For the June seminar we have Alba Halliday more here Alba Halliday - Modelling diseases with delayed reporting and nested structures using a hierarchical framework – Epinowcast
Please post asynchronous questions below.
For the June seminar we have Alba Halliday more here Alba Halliday - Modelling diseases with delayed reporting and nested structures using a hierarchical framework – Epinowcast
Please post asynchronous questions below.
reminder that this is tomorrow!
Delayed reports hide
Bayesian models reveal
Truth in nested data
Also its quite a stealthy code base (reminded by @jamesazam) so see here: GitHub - AlbaMH/nimbleCast: What the Package Does (One Line, Title Case)
Really great stuff!
Here is a LLM generated summary for people.
Presenter: Alba Halliday (University of Glasgow) Collaborators: Oliver Stoner (University of Glasgow), Leonardo Bastos (Oswaldo Cruz Foundation, Brazil), Theo Economou (University of Exeter)

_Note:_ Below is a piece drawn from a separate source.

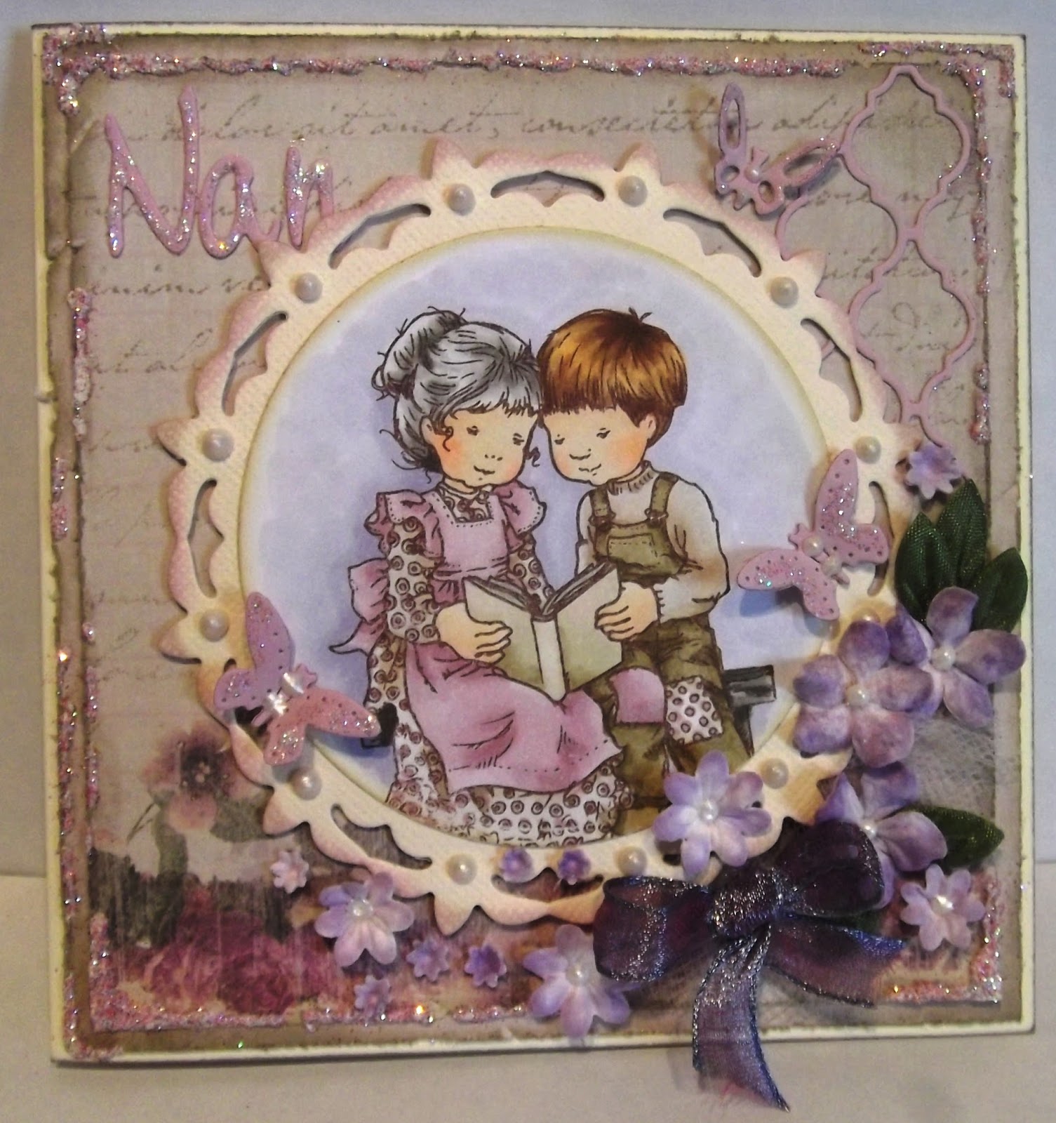 The papers are from the new Studio Light paper pad #31, very vintage and very pretty.  I've over stamped the top layer with the new Marianne Design Anja's script stamp and blinged up the edges with the 3d snow and loose glitter added on top.  Then I've decorated with liquid pearls, die cut blooms and butterflies and a tiny piece of wired organza ribbon.  Here's a close up of the corner:

• Development of a hierarchical Bayesian framework for nowcasting disease surveillance data with reporting delays and nested structures
• Application to Brazilian SARI (Severe Acute Respiratory Illness) hospitalisations and nested COVID-19 cases
• Joint modelling approach that links total SARI cases with COVID-positive subset to improve prediction accuracy
• Implementation challenges and solutions for operational disease surveillance systems
• SARI hospitalisations: individuals with fever and cough onset within 10 days requiring hospitalisation
• Reporting delays: cases occur in week T but are reported with delays of 0, 1, 2+ weeks
• Nested structure: proportion of SARI cases that test positive for COVID-19
• Challenge: COVID test results have unknown reporting delays (no timestamp when results are added to records)
• Joint model for total counts (negative binomial) and partial counts (generalised Dirichlet multinomial)
• More flexible than standard multinomial approaches due to additional dispersion parameter • Better captures covariance structure in partial counts
• Implemented as series of beta binomial distributions for improved MCMC efficiency
• COVID cases modelled as proportion of total SARI hospitalisations using beta binomial distribution
• Key innovation: link between expected SARI trend and expected COVID proportion through shared parameter (δ)
• Intuition: waves in SARI often driven by COVID waves • Additional censoring layer to account for incomplete COVID reporting
• Improved prediction precision compared to existing nowcasting approaches for COVID fatalities
• Joint modelling shows better performance than separate models, particularly for capturing trend dynamics
• Age covariate further improved COVID predictions (elderly more likely to be hospitalised for COVID)
• Model successfully captures both temporal trends and delay distributions in real data
• FIOCruz runs InfoGripe surveillance system using INLA (fast, 2-3 minutes runtime)
• Marginal model approach with simpler computational requirements
• More flexible model specification (handles non-standard distributions)
• Potentially more robust (INLA installation issues, struggles with sparse data)
• Enables joint modelling of multiple data streams
• Computational cost: ~12 hours for rolling nowcast experiment vs. minutes for INLA
• Requires MCMC parameter specification and more programming
• Barrier for novel users compared to INLA’s simplicity
• General package for fitting various nowcasting models
• Similar syntax to INLA to facilitate transitions
• Supports both GDM and simpler approaches
• Available on presenter’s GitHub (still in development)
• Extension to multiple viruses (RSV, influenza) alongside COVID within SARI framework
• Forecasting capabilities beyond nowcasting for preventive interventions
• Application to other nested surveillance structures:
• Potential pathogen interaction modelling with semi-mechanistic approaches
• Data: Brazilian SARI surveillance 2021-2024, 27 federal units
• Delays: up to 20 weeks for SARI, 30 weeks for COVID
• Window: 60-week rolling window for analysis • Implementation: R package Nimble for MCMC sampling
• Spatial effects: independent across federal units (extensible to spatiotemporal)
• Stability of COVID-SARI link over time and with changing epidemiology
• Potential for multiple pathogen interaction terms
• Window length optimisation for operational use
• Alternative approaches (e.g., downloading historic datasets to reconstruct delays, fitting to the counts with a joint model)
• Computational efficiency improvements (new sampling methods in development)
My main question is what would you recommend thinking about adding to epinowcast from this work and in what order?